Question

Let $f:\left(1,3\right)\to R$ be a function defined by $f\left(x\right)=\frac{x\left[x\right]}{\left(x^2+1\right)}$ , where$\left[x\right]$ denotes the greatest integer $\le x$. Then the range of $f$ is

• A. $(\frac{2}{5},\frac{3}{5}]\cup \left(\frac{3}{4},\frac{4}{5}\right)$
• B. $(\frac{2}{5},\frac{4}{5}]$
• C. $\left(\frac{3}{5},\frac{4}{5}\right)$
• D. $\left(\frac{2}{5},\frac{1}{2}\right)\cup (\frac{3}{5},\frac{4}{5}]$

Answer 1

The correct option is D

$\left(\frac{2}{5},\frac{1}{2}\right)\cup (\frac{3}{5},\frac{4}{5}]$

Explanation for correct option:

Identifying the range $f$:

Consider the given equation as,

$f:\left(1,3\right)\to R$

$f\left(x\right)=\frac{x\left[x\right]}{\left(x^2+1\right)}$

Rewrite the above Equation as,

$f\left(x\right)=\left\{\begin{array}{ll}\frac{x}{\left(x^2+1\right)}& x\in \left(1,2\right)\\ \frac{2x}{\left(x^2+1\right)}& x\in (2,3]\end{array}\right.......\left(1\right)$

$$\begin{gathered} f\text{'}\left(x\right)=\left\{\begin{array}{ll}\frac{\left(x^2+1\right)\times 1-x\times 2x}{{\left(x^2+1\right)}^2}& x\in \left(1,2\right)\\ \frac{\left(x^2+1\right)\times 2-2x\times 2x}{{\left(x^2+1\right)}^2}& x\in (2,3]\end{array}\right. \\ f\text{'}\left(x\right)=\left\{\begin{array}{ll}\frac{x^2+1-x\times 2x}{{\left(x^2+1\right)}^2}& x\in \left(1,2\right)\\ \frac{2+2x^2-4x^2}{{\left(x^2+1\right)}^2}& x\in (2,3]\end{array}\right. \\ f\text{'}\left(x\right)=\left\{\begin{array}{ll}\frac{1-x^2}{{\left(x^2+1\right)}^2}& x\in \left(1,2\right)\\ \frac{2\left(1-x^2\right)}{{\left(x^2+1\right)}^2}& x\in (2,3]\end{array}\right. \end{gathered}$$

From the above Equation we get negative value . since,$f\left(x\right)$ is decreasing function.

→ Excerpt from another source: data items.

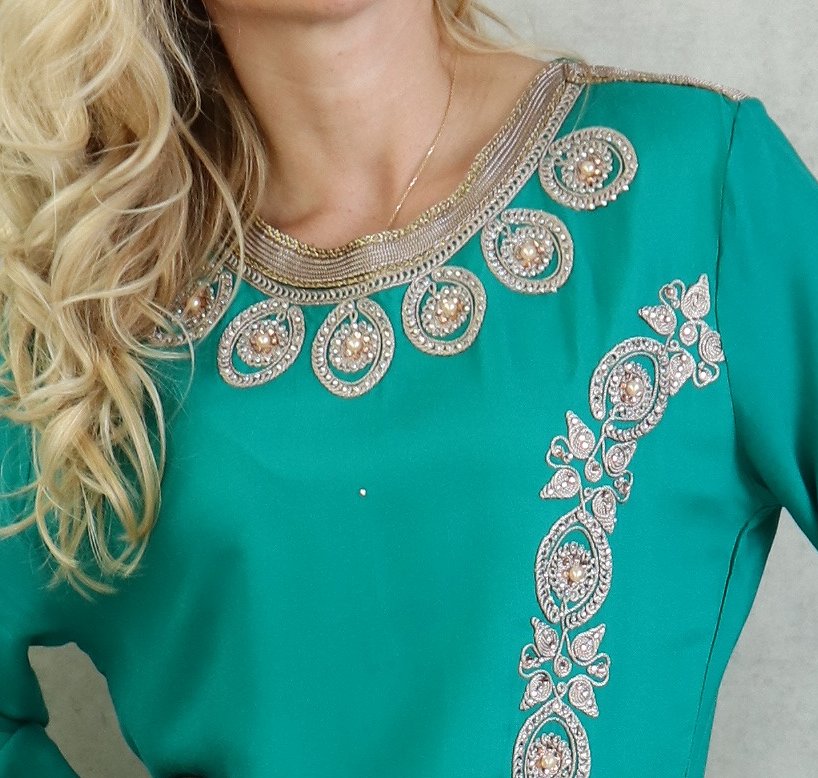 Robe orientale algérienne brodée et perlée pour femme - Couleur Vert émeraude Vetement & Accessoire
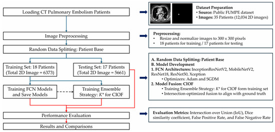 To address accurate PE detection and segmentation in CTA, we propose an AI-enhanced deep-learning framework, summarized in Figure 1. The pipeline comprises dataset preparation, patient-level splitting, preprocessing, backbone FCN training, and Consensus Intersection-Optimized Fusion (CIOF). The optimal ensemble threshold K∗ is selected on the training set by maximizing mean IoU (Algorithm 2) and is applied consistently during segmentation (Algorithm 1).
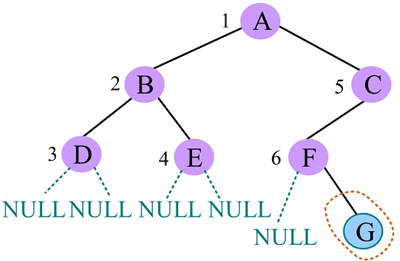 11) 访问根 G,先序遍历 G 的左子树,G 的左子树为空,返回 G。先序遍历 G 的右子树,G 的右子树为空,返回 C:
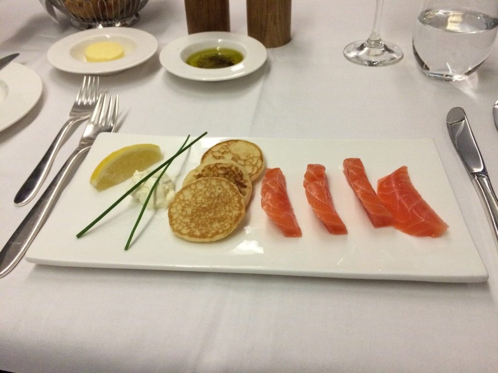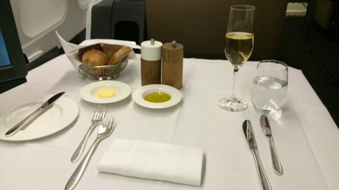 Die Details, wie die großen Salz und Pfeffer Streuer, Brotkorb, Butter und Olivenöl runden das Bild ab. Bei einem Glas Champagner wartete ich auf meine Vorspeise. Die Essensbestellung habe ich bereits vor dem Start aufgegeben.
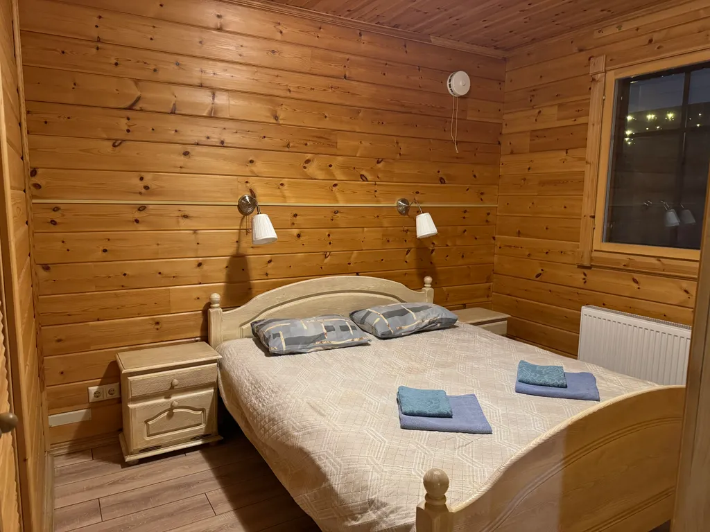 3 спальни (до 6 гостей): на 1 этаже две комнаты с двуспальными кроватями, на 2 этаже одна комната с двумя односпальными кроватями (по запросу предоставляем детскую кроватку, стульчик, горшок).
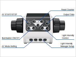 對(duì)于STM7測(cè)量顯微鏡系列,只要使用單一的操作裝置能夠執(zhí)行幾乎所有的測(cè)量顯微鏡操作,包括重置計(jì)數(shù)器、照明控制、調(diào)焦和自動(dòng)聚焦等功能。為了提高效率和方便性,您可以將裝置放在任何想要放置的位置,并可以輕松地單手操作。
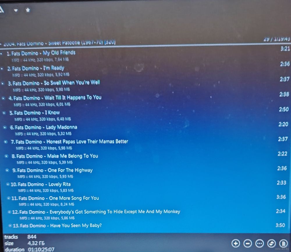 При наличии таковых в треки вшиты обложки альбомов. Качество 320 kbps (если напротив названия альбома не указано иное). Покупателям, совершившим покупки на сумму от 50 до 100 руб. скидка 5%, от 101 до 200 руб. - 10%, более 201 руб. - 20%. Заказы на сумму менее 5 руб. с 2024 г. не высылаю. Ознакомиться с творчеством можно здесь: https://musify.club/artist/fats-domino-23237/discography

substitute the value in the Equation $\left(1\right)$ we get the range of functions belonging to the,

$$\begin{gathered} f\left(x\right)=\frac{x}{\left(x^2+1\right)}x\in \left(1,2\right) \\ f\left(x\right)=\frac{1}{\left(1+1\right)}=\frac{1}{2} \\ f\left(x\right)=\frac{2}{\left(2^2+1\right)}=\frac{2}{5} \\ f\left(x\right)=\frac{2x}{\left(x^2+1\right)}x\in (2,3] \\ f\left(x\right)=\frac{2\times 2}{\left(2^2+1\right)}=\frac{4}{5} \\ f\left(x\right)=\frac{2\times 3}{\left(3^2+1\right)}=\frac{6}{10}=\frac{3}{5} \end{gathered}$$

Hence, $R_f\in \left(\frac{2}{5},\frac{1}{2}\right)\cup (\frac{3}{5},\frac{4}{5}]$

Therefore, the correct answer is Option (D).